I will however answer your question, the answer lies within this line of code (the error is enclosed in double asterix):但是我会回答你的问题,答案就在这行代码中(错误包含在双星号中):
unsigned long long int value = std::uniform_int_distribution**<int>**(1, N)(rng);
By changing the template type to unsigned long long ie:通过将模板类型更改为 unsigned long long 即:
unsigned long long int value = std::uniform_int_distribution<unsigned long long>(1, N)(rng);
You fix your stack overflow.您修复了堆栈溢出。 And your function should now work with "very large" numbers.
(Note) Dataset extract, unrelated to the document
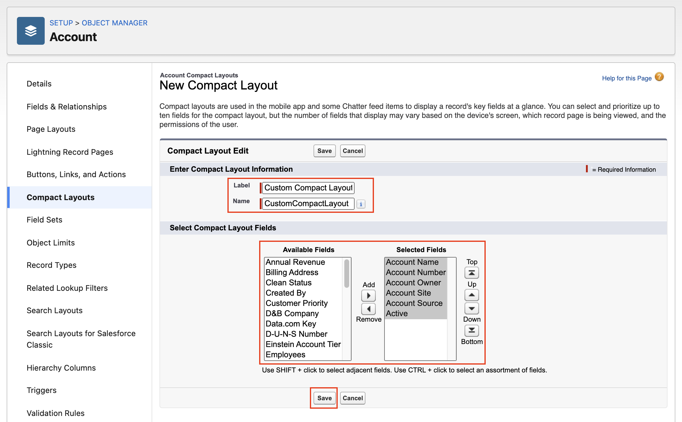 Label, Name 필드를 입력하고, Compact Layout에 표시하고자 할 필드를 선택 > [Save] 버튼을 클릭합니다.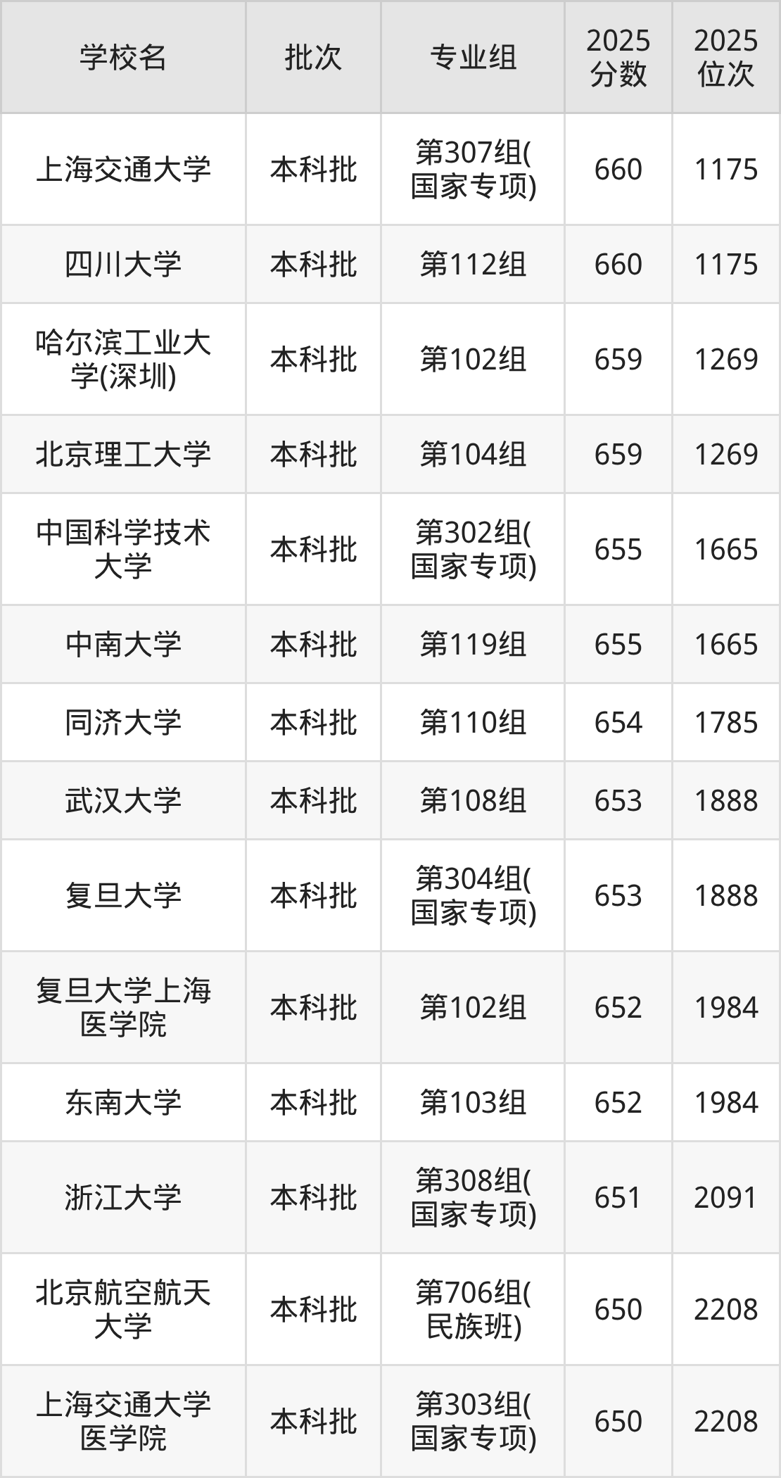 湖南高考654分:历史类排名78位、物理类排名1785位。该分数位次对应能上的大学历史类有北京大学第305组(国家专项);物理类有同济大学第110组,更多名单如下文所示,2026届考生可参考。

您的函数现在应该可以处理“非常大”的数字。 The fact that it didn't happen with "very big n" is just a coincidence.
“非常大的 n”没有发生这种情况的事实只是巧合。
The stack overflow happens within this function - one of the interval checks for the formula that generates the random number fails.堆栈溢出发生在此函数内 - 生成随机数的公式的间隔检查之一失败。 That is because the upper limit is the one that overflows, ie after replicating the same error you experienced and going through the stacktrace you will get a more meaningful error message, something like this:
这是因为上限是溢出的上限,即在复制您遇到的相同错误并通过堆栈跟踪后,您将获得更有意义的错误消息,如下所示:
/usr/include/c++/12.2.0/bits/uniform_int_dist.h:97:
std::uniform_int_distribution<_IntType>::param_type::param_type(_IntType, _IntType)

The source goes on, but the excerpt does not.